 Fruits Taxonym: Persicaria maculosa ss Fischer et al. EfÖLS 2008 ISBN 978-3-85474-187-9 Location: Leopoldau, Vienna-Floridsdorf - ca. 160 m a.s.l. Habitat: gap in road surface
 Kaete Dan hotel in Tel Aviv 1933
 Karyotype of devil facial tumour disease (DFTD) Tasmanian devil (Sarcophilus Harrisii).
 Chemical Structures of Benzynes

※

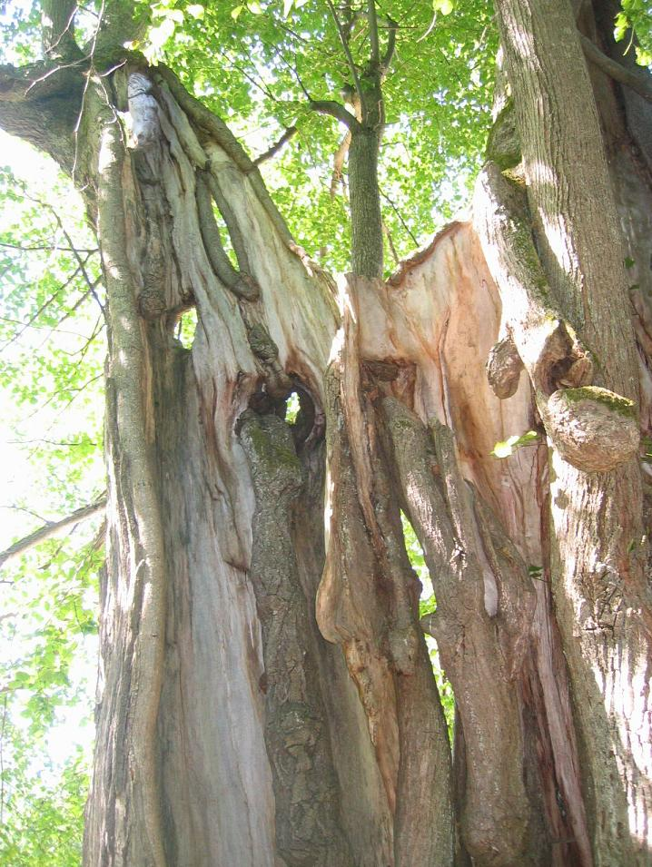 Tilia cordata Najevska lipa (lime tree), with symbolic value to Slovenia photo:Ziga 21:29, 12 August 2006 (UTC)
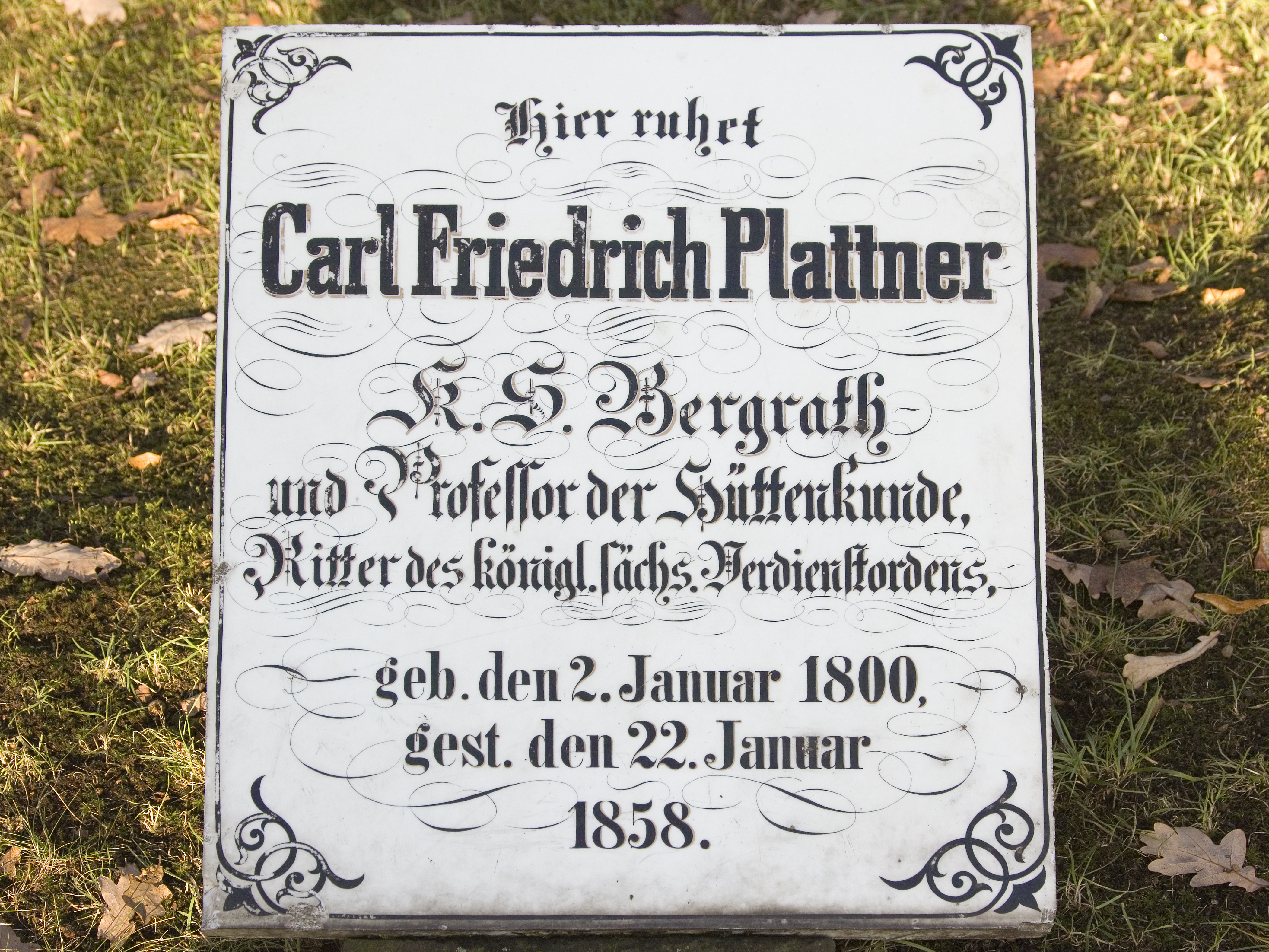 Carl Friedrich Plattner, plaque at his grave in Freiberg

※

WORK INSTRUCTIONS:
Extract, without any images, the part of the material above that opens with the line containing "Tilia cordata Najevska" and closes with the line containing "Carl Friedrich Plattner, plaque", both lines included.

RESPONSE TO THE TASK:
 Tilia cordata Najevska lipa (lime tree), with symbolic value to Slovenia photo:Ziga 21:29, 12 August 2006 (UTC)
 Carl Friedrich Plattner, plaque at his grave in Freiberg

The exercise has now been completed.